Content starts

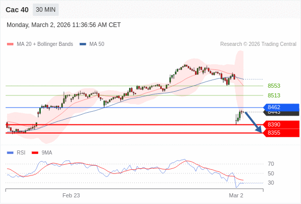 Cac 40 当日内: 短期关键阻力位在8462。
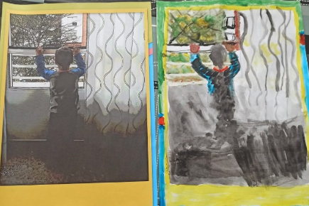 Propuesta artística: hacer una foto, imitando la del cuadro de Dalí, en tu ventana y después pintarlo con acuarelas y, si no tenemos, con otro material. Cuando hemos terminado nuestro cuadro, ponerle un marco. Y ya tenemos una obra artística en casa que siempre nos recordará esta experiencia que estamos viviendo en el confinamiento. La época en la que vivíamos desde la ventana.
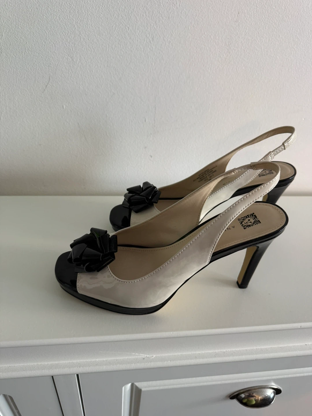 These Anne Klein slingback heels feature a patent black toe and bow detail. The shoe is a cream colour with black accents. They come with the original box. Step out in style with these Anne Klein heels, size 8, featuring a chic black flower detail and a sleek slingback design.
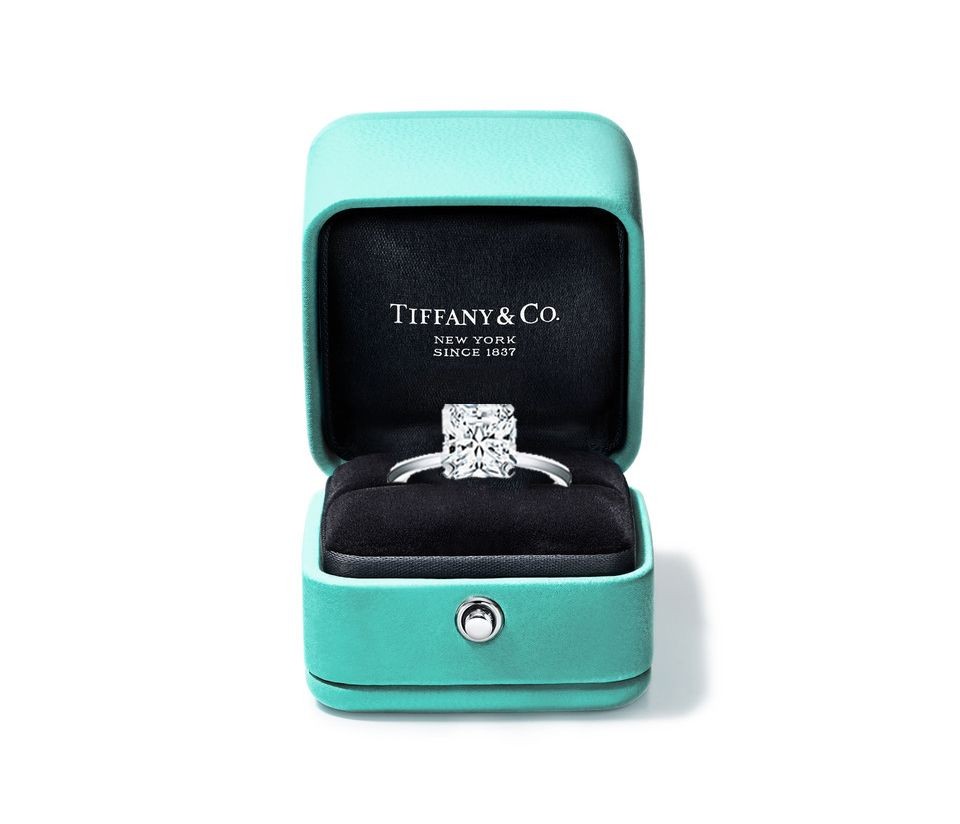 這款求婚戒指名為「Tiffany True」,上面的巨鑽採用了 Tiffany 嶄新獨有的方形混合式切割,之後再鑲嵌於鉑金戒指上,讓鑽石能矮平地置於手指上~

Content ends

__Directions__
Copy out the listing above exactly, and keep the pictures out of it.

__Output of the exercise__
 Cac 40 当日内: 短期关键阻力位在8462。
 Propuesta artística: hacer una foto, imitando la del cuadro de Dalí, en tu ventana y después pintarlo con acuarelas y, si no tenemos, con otro material. Cuando hemos terminado nuestro cuadro, ponerle un marco. Y ya tenemos una obra artística en casa que siempre nos recordará esta experiencia que estamos viviendo en el confinamiento. La época en la que vivíamos desde la ventana.
 These Anne Klein slingback heels feature a patent black toe and bow detail. The shoe is a cream colour with black accents. They come with the original box. Step out in style with these Anne Klein heels, size 8, featuring a chic black flower detail and a sleek slingback design.
 這款求婚戒指名為「Tiffany True」,上面的巨鑽採用了 Tiffany 嶄新獨有的方形混合式切割,之後再鑲嵌於鉑金戒指上,讓鑽石能矮平地置於手指上~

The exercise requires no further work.